INFORMATION:
★ ★ ★
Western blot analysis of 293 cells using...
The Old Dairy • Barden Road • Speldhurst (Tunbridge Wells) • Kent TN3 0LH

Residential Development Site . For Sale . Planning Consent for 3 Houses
★ ★ ★
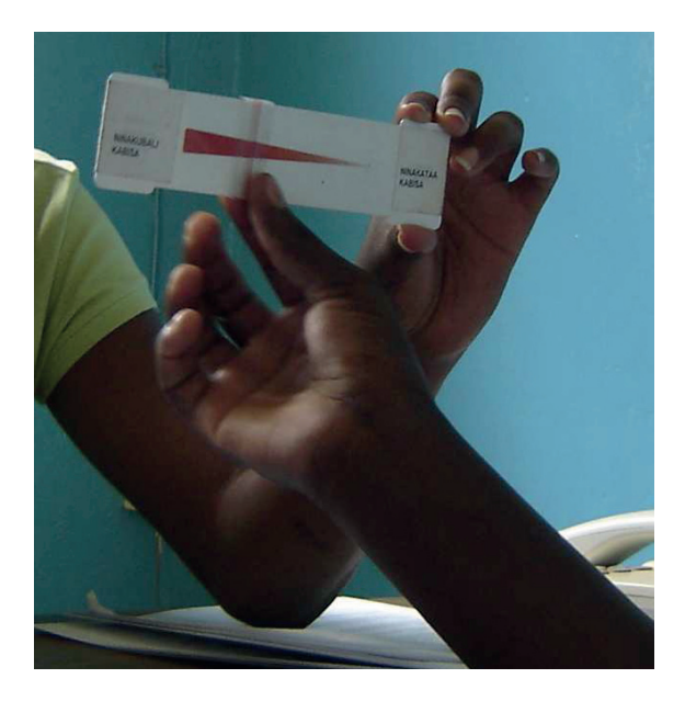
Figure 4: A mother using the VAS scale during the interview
★ ★ ★
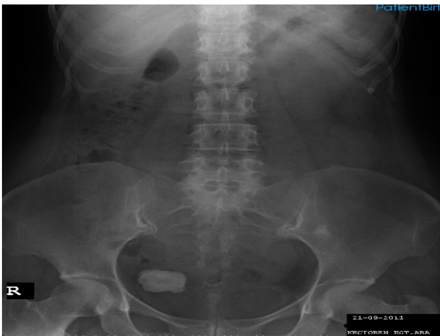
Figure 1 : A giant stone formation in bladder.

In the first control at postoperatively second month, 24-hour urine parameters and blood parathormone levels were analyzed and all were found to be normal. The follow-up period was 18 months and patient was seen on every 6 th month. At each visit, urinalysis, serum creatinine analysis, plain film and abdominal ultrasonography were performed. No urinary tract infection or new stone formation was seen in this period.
★ ★ ★
DIRECTIONS: The expected answer is an exact copy of the lines above, beginning at the line with "The Old Dairy" and ending at the line with "Residential Development Site", with both ends in.

YOUR RESPONSE:
The Old Dairy • Barden Road • Speldhurst (Tunbridge Wells) • Kent TN3 0LH

Residential Development Site . For Sale . Planning Consent for 3 Houses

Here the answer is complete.